▶ _Required action_:
All pictures are to be skipped; retype only the lines from the top of the entries through the line with "Pazarcık Gençlik ve", both included.

Recorded data
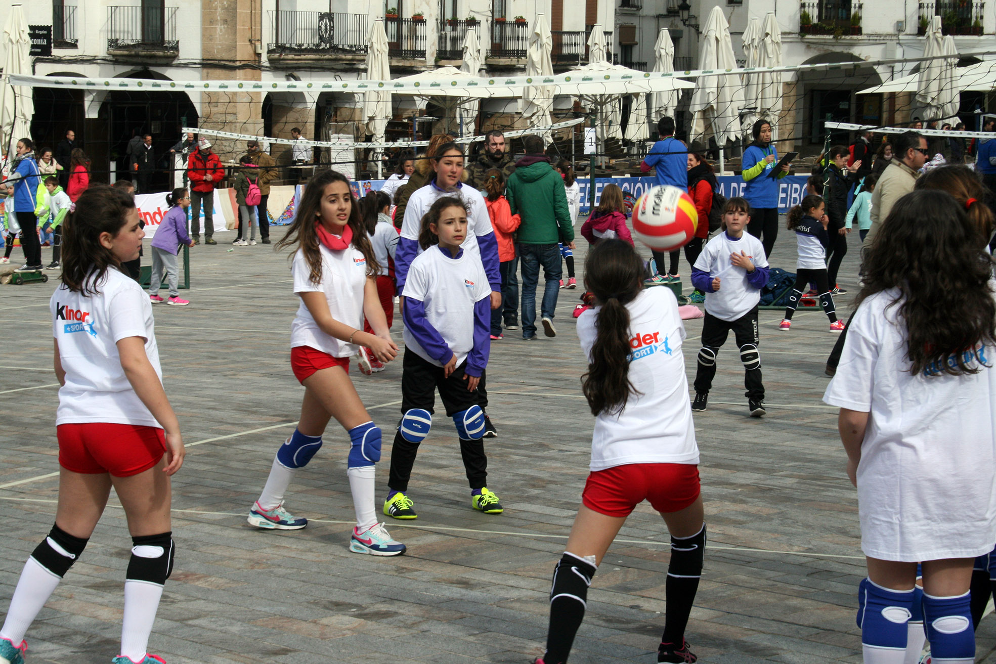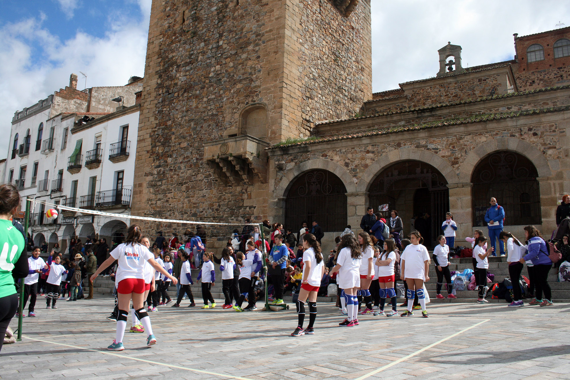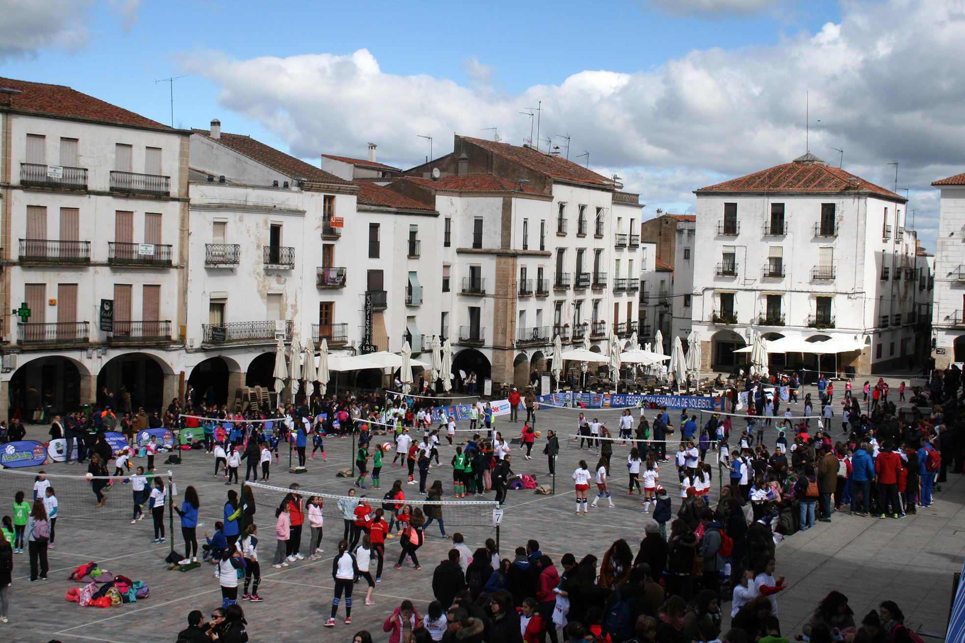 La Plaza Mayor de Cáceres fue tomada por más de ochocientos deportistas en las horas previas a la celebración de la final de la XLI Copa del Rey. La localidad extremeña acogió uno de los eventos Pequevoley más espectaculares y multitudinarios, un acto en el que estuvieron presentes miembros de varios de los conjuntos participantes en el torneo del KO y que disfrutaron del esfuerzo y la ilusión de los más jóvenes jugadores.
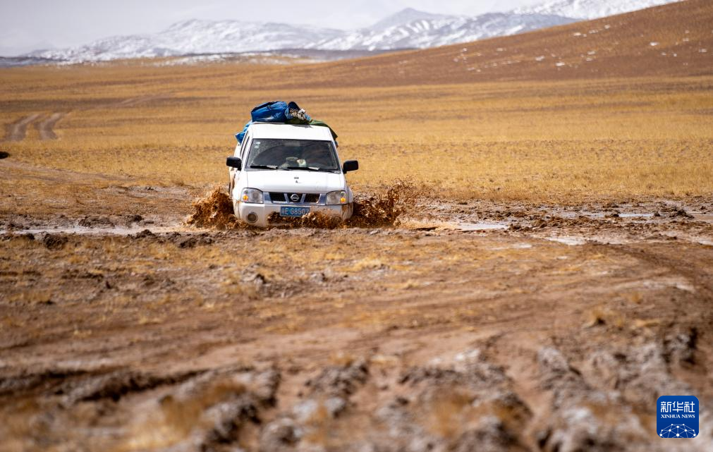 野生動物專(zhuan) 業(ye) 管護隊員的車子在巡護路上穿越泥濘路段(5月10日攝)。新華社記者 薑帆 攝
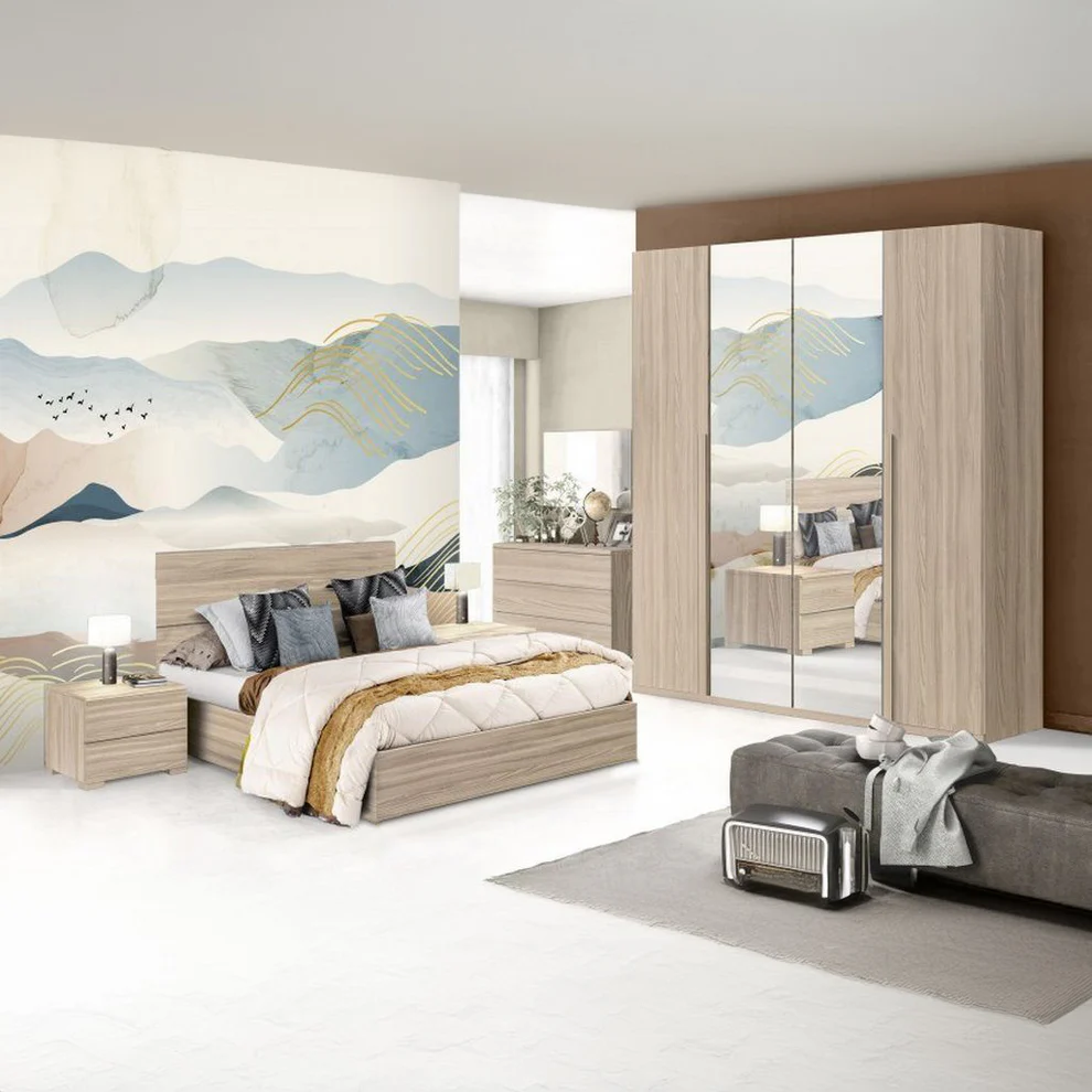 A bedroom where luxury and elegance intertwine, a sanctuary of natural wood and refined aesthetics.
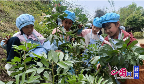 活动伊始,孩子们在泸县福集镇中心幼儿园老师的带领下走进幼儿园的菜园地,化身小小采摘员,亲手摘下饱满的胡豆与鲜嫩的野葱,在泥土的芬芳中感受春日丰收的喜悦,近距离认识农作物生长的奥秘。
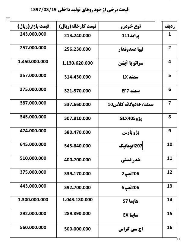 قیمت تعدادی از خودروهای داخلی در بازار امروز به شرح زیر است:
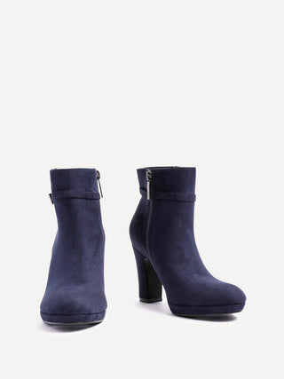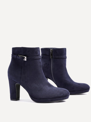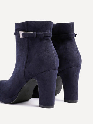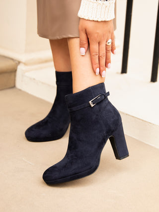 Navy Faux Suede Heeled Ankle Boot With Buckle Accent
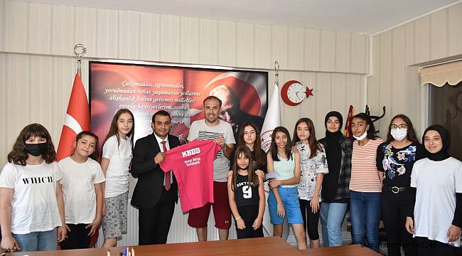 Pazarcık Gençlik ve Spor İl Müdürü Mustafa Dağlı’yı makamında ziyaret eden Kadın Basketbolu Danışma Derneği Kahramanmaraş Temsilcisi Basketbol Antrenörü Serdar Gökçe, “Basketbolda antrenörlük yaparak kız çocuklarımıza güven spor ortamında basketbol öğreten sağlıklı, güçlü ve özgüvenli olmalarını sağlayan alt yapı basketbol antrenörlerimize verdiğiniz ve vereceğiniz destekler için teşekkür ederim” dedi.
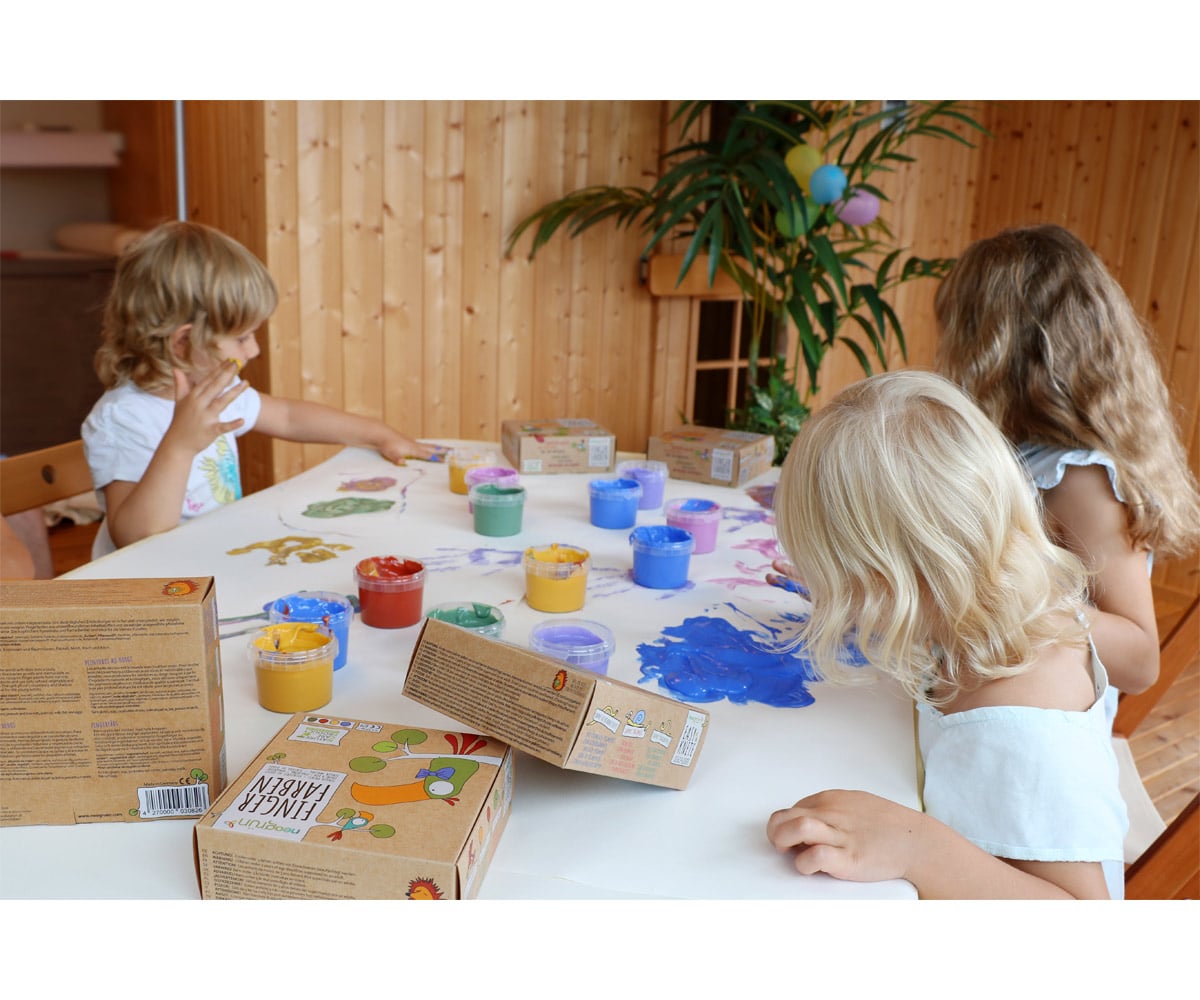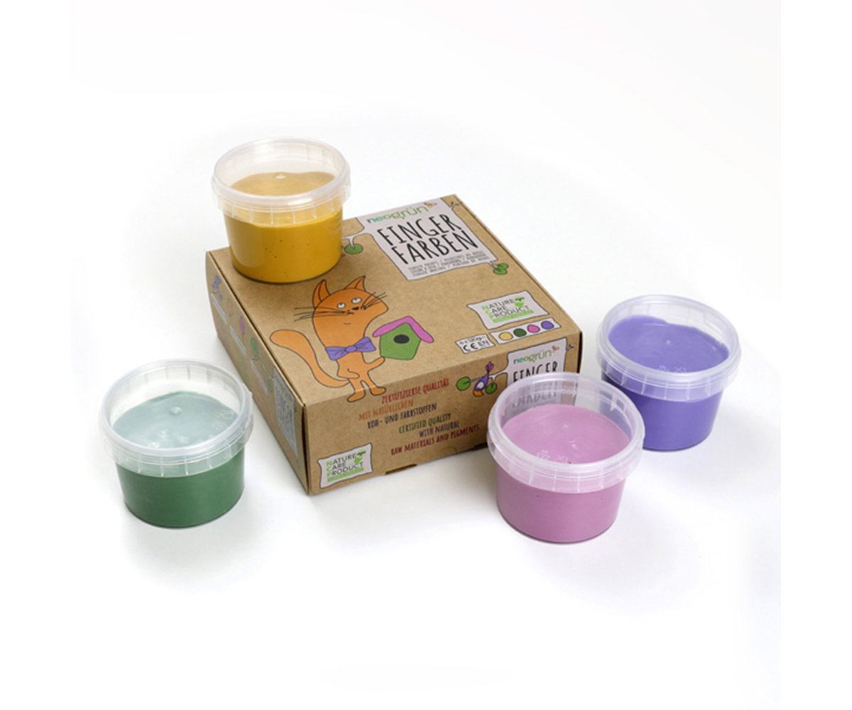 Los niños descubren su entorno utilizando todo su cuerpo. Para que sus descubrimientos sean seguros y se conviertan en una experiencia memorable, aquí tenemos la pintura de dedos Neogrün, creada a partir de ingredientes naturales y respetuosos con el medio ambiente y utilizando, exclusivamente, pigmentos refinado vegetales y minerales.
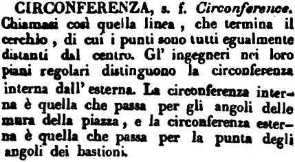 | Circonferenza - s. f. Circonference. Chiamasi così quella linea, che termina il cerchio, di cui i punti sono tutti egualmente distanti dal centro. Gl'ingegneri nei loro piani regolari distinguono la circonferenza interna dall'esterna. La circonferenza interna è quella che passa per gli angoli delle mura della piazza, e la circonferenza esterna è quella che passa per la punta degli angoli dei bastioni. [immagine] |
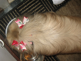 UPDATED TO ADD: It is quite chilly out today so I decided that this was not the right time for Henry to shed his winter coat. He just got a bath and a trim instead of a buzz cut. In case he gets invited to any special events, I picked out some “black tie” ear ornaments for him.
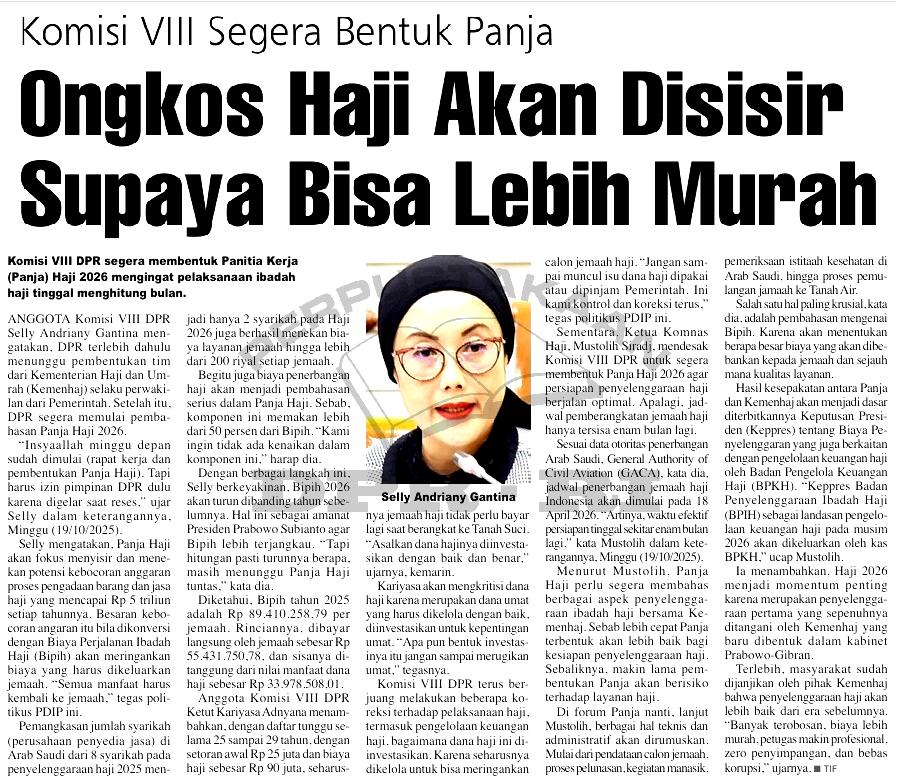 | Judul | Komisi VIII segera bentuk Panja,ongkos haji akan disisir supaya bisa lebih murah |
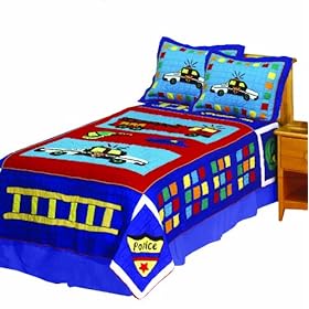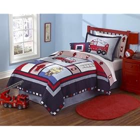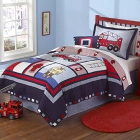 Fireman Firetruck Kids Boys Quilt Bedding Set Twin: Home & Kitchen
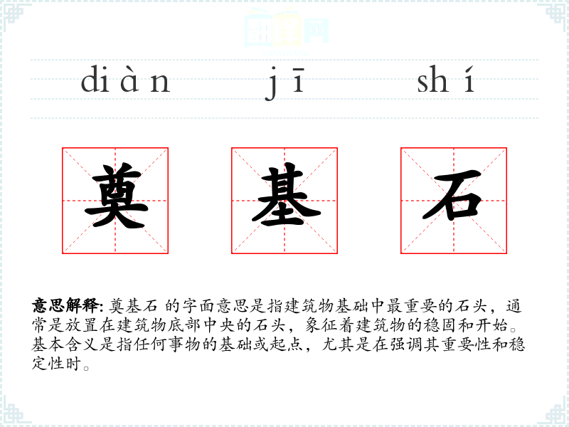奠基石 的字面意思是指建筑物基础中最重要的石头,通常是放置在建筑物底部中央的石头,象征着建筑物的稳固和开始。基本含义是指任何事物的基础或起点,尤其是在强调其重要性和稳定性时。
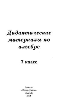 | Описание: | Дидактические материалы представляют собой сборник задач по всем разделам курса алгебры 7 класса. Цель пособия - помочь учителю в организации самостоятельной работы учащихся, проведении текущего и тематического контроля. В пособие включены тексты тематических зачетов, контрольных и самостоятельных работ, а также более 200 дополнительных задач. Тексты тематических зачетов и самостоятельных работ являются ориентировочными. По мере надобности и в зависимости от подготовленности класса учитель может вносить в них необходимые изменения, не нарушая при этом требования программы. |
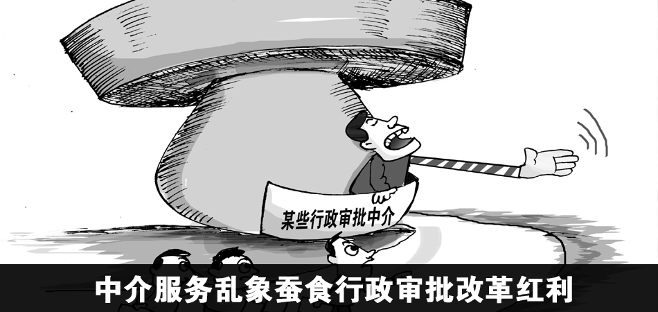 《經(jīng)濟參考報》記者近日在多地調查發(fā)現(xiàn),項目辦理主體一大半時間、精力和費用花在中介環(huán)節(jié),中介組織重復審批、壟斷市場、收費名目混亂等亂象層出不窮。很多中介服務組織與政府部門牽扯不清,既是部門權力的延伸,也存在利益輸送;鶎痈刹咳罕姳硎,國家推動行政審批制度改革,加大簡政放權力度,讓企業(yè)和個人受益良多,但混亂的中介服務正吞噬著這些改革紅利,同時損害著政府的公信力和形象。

▶ _Response for this exercise_:
 La Plaza Mayor de Cáceres fue tomada por más de ochocientos deportistas en las horas previas a la celebración de la final de la XLI Copa del Rey. La localidad extremeña acogió uno de los eventos Pequevoley más espectaculares y multitudinarios, un acto en el que estuvieron presentes miembros de varios de los conjuntos participantes en el torneo del KO y que disfrutaron del esfuerzo y la ilusión de los más jóvenes jugadores.
 野生動物專(zhuan) 業(ye) 管護隊員的車子在巡護路上穿越泥濘路段(5月10日攝)。新華社記者 薑帆 攝
 A bedroom where luxury and elegance intertwine, a sanctuary of natural wood and refined aesthetics.
 活动伊始,孩子们在泸县福集镇中心幼儿园老师的带领下走进幼儿园的菜园地,化身小小采摘员,亲手摘下饱满的胡豆与鲜嫩的野葱,在泥土的芬芳中感受春日丰收的喜悦,近距离认识农作物生长的奥秘。
 قیمت تعدادی از خودروهای داخلی در بازار امروز به شرح زیر است:
 Navy Faux Suede Heeled Ankle Boot With Buckle Accent
 Pazarcık Gençlik ve Spor İl Müdürü Mustafa Dağlı’yı makamında ziyaret eden Kadın Basketbolu Danışma Derneği Kahramanmaraş Temsilcisi Basketbol Antrenörü Serdar Gökçe, “Basketbolda antrenörlük yaparak kız çocuklarımıza güven spor ortamında basketbol öğreten sağlıklı, güçlü ve özgüvenli olmalarını sağlayan alt yapı basketbol antrenörlerimize verdiğiniz ve vereceğiniz destekler için teşekkür ederim” dedi.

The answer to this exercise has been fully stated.